Comment 8 for bug 702024

Revision history for this message
Andrew Bennetts (spiv) wrote :

So I think the status is currently:

 * code is deployed
 * production is running essentially the same configuration as before: one SSH server instance listening directly on the SSH port
 * LOSA testing on staging (or qastaging?) of running instances behind HAProxy (rather than directly on SSH port) failed, as the HTTP service always returns 200 OK even after SIGTERM (should return 503)
 * testing by me in development environment in a VM works as expected, and I don't have any idea why staging behaves differently.
 * (less importantly, there's an outstanding merge proposal to fix a cosmetic glitch in the debug text of the HTTP service: <https://code.launchpad.net/~spiv/launchpad/haproxy-for-twisted-services/+merge/48427>)

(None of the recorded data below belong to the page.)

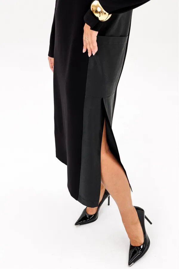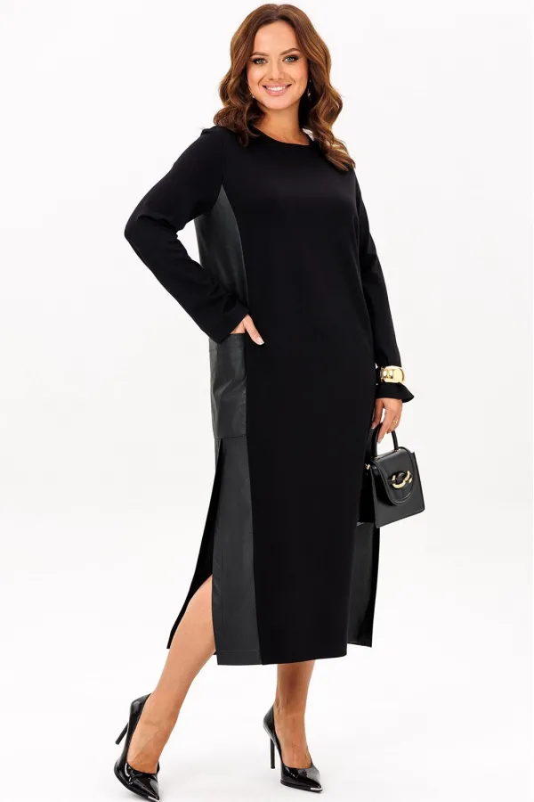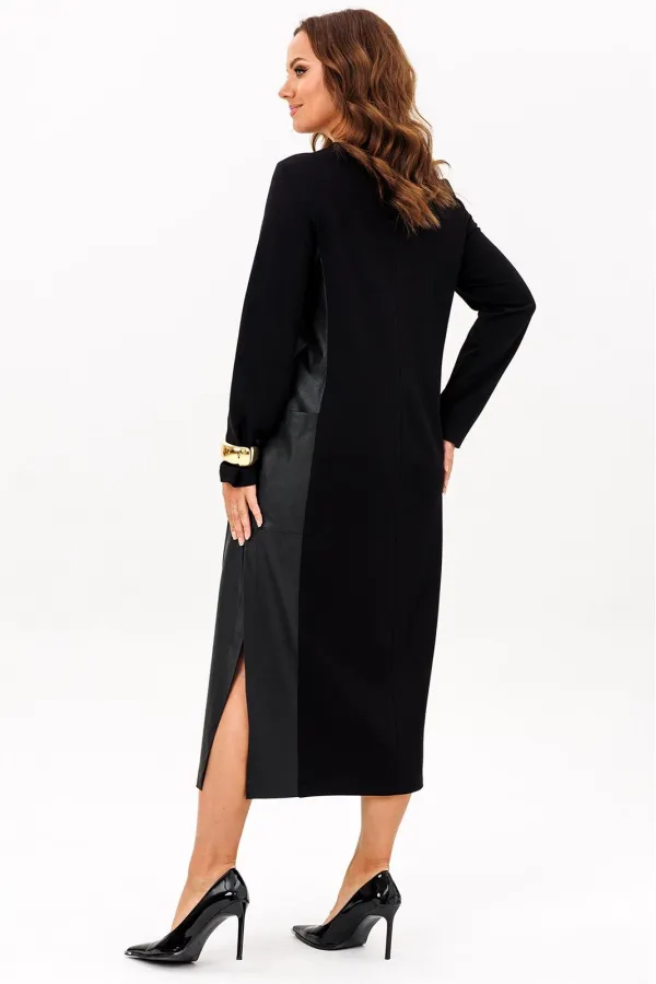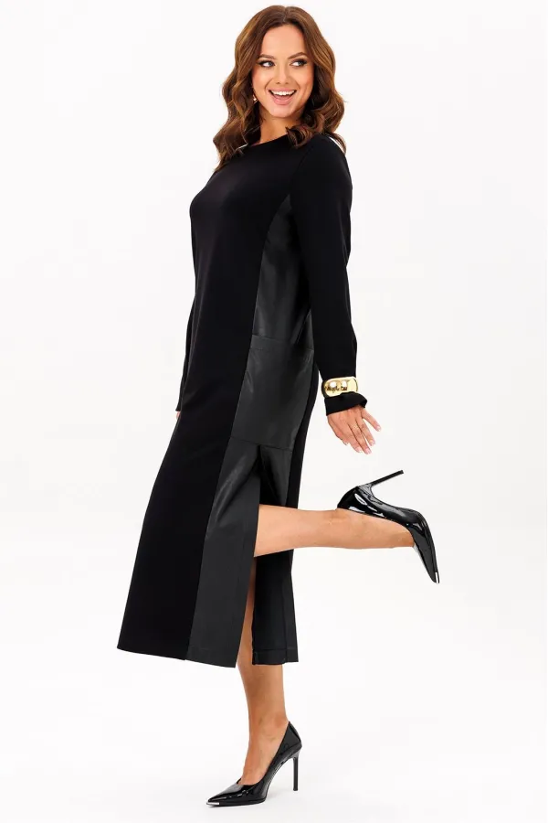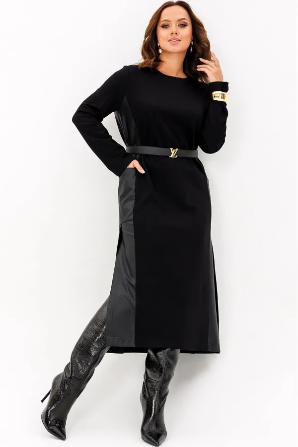 Платье выполнено из двух видов ткани: трикотажного полотна и эко кожи. Платье
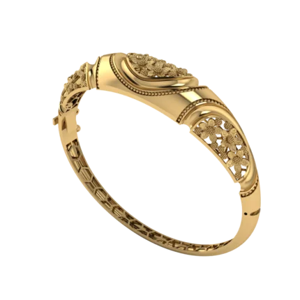 Широкий жёсткий обод с объёмной формой и сетчатым орнаментом внутри с вставками камней, которые подчёркивают узор и дают мягкий блеск. Форма смотрится собранно, а резной рисунок добавляет воздушность.
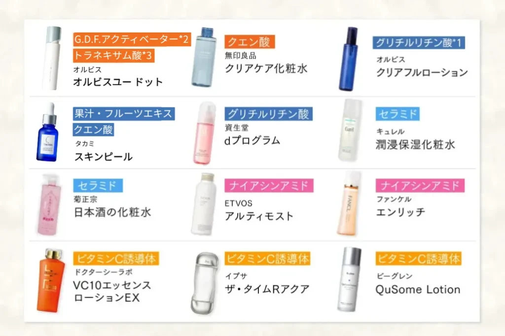 解決したい毛穴タイプごとに使うべき「成分」と「おすすめの化粧水/美容液」を下にまとめてみました!
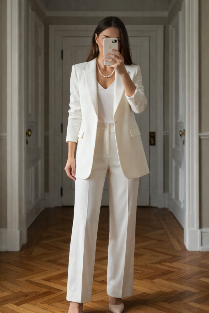 This chic all-white business outfit features a tailored blazer paired with classic straight-leg trousers and a simple white top. The monochrome look creates a clean, sophisticated style that feels modern and professional. Nude pumps and pearl jewelry add a timeless and elegant finishing touch.
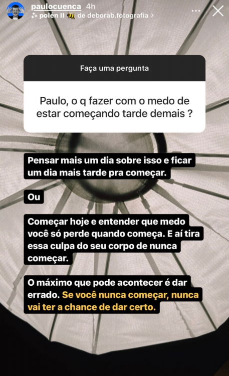 Aff, eu aprendo demais com os stories do Paulo. Várias das respostas que ele dá servem pra mim. Inclusive tenho o print de uma resposta que ele deu um tempo atrás, que foi uma virada de chave danada pra mim, é essa aqui: -
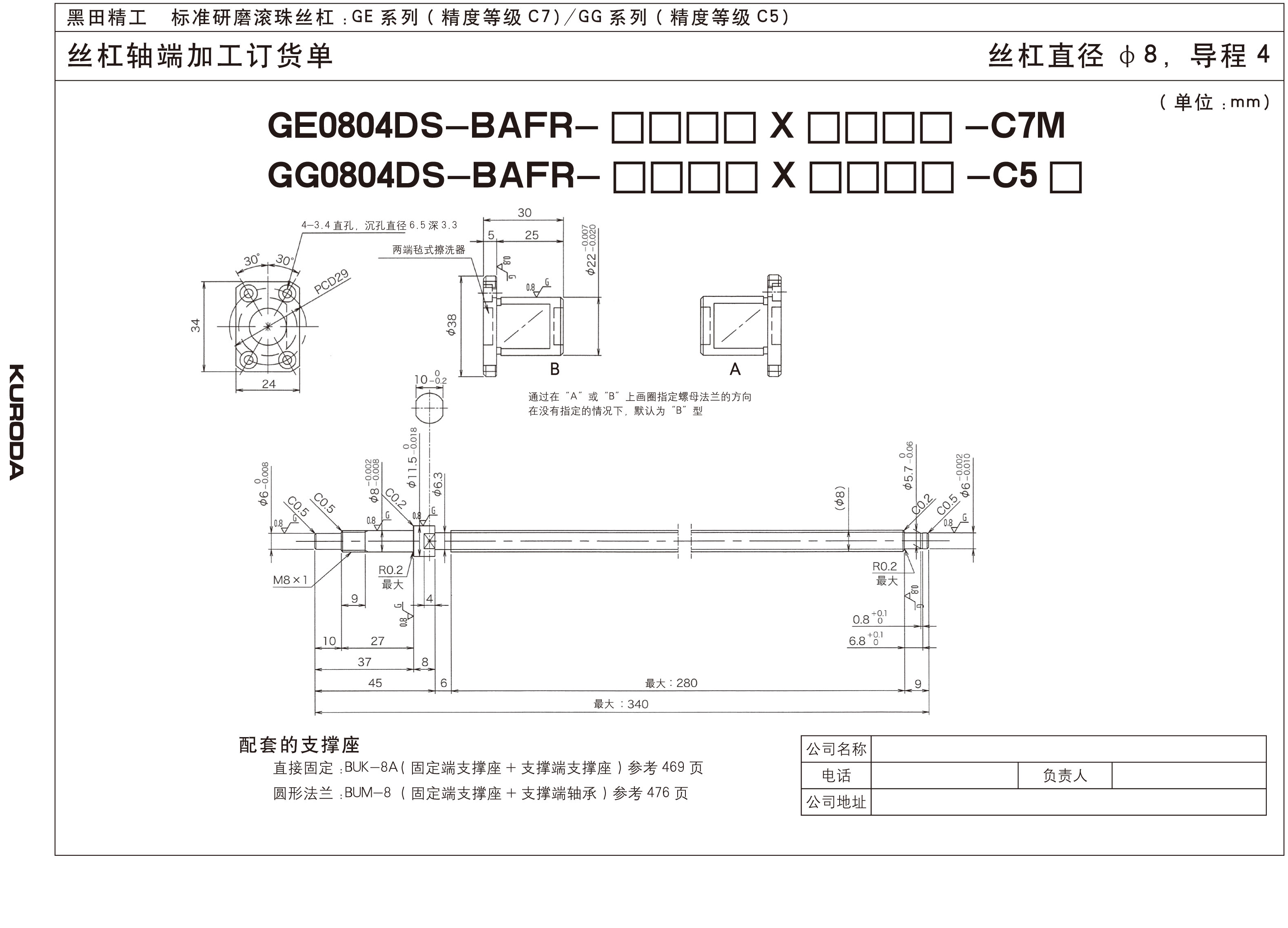为防止滚珠丝杠因被污染而损伤,GE和GG系列(除了丝杠直径为8和10的)防尘滚珠丝杠都装有擦洗器,但是为了能更有效的防尘,可以安装相应的防护装置,如防尘罩和收缩盖
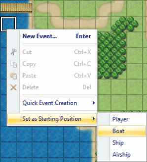 이제 플레이 테스트를 하는 동안 본토에서 섬으로 이동하는 방법이 궁금할 것입니다. 우리는 보트의 시작 위치를 지정할 것입니다. 이렇게 하려면 이벤트 레이어에서 아래 위치를 마우스 오른쪽 버튼으로 클릭하고 시작 위치로 설정 => 보트를 선택합니다. 마을 어딘가에서 이것을 반복하되 대신 시작 위치로 설정 => 플레이어를 선택하십시오.
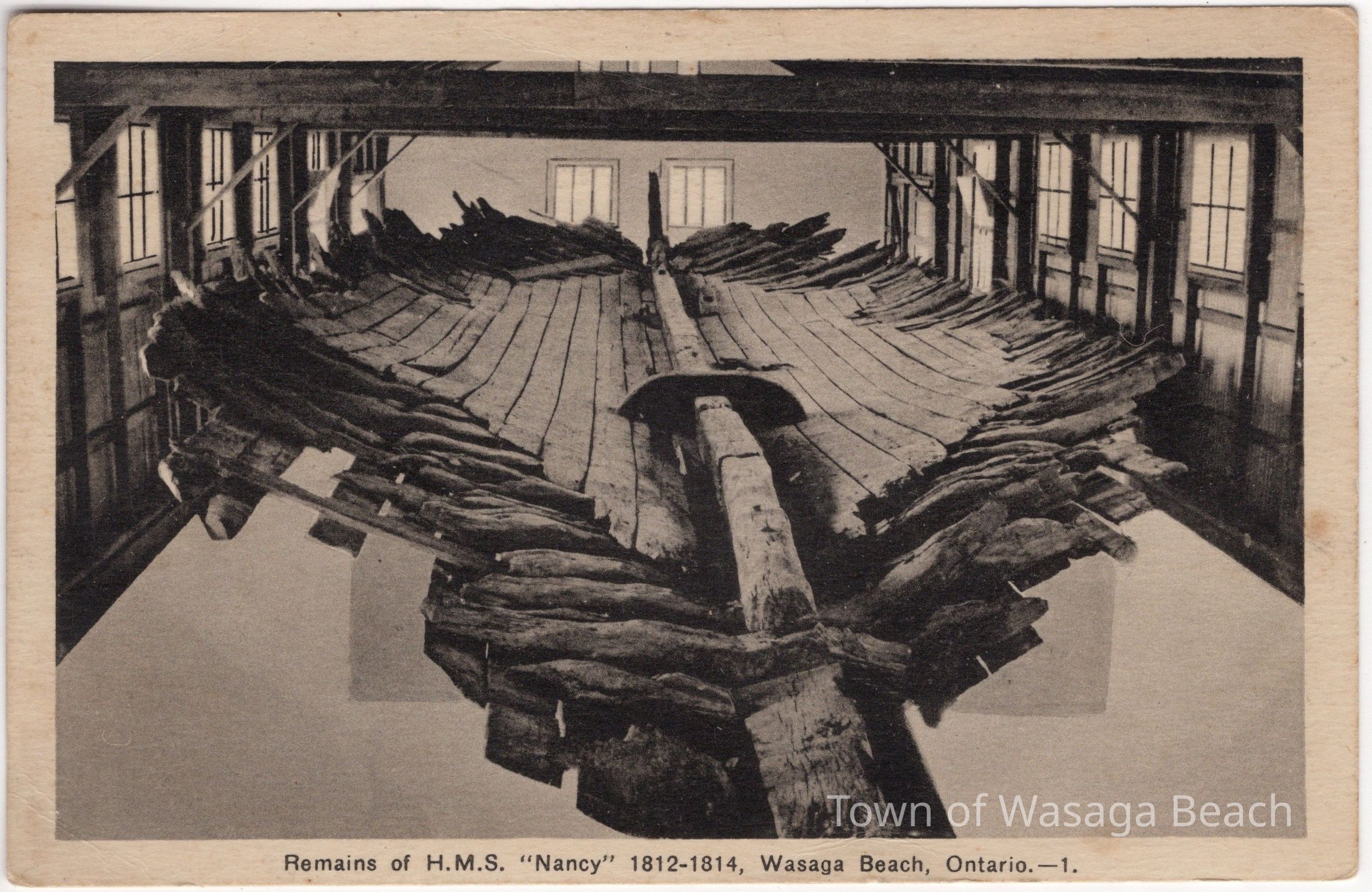 The post card, circa 1930's, shows a picture of the remains of the hull of the H.M.S. Nancy enclosed inside a structure. The title on the bottom of the post card reads: Remains of H.M.S. "Nancy" 1812-1814, Wasaga Beach, Ontario. -1".

I guess the next steps are to spend more time with a LOSA debugging why their tests on staging fail when it works in a development environment.

Also, it's probably worth trying to configure HAProxy to ignore the HTTP service, and just do TCP proxying without polling the HTTP service first. After an instance receives SIGTERM it should immediately stop listening on its TCP port (even though it will continue to service its existing connections), which AIUI should interact nicely with HAProxy (if can't connect to the first instance it tries it can try another instance instead without any disruption to the client).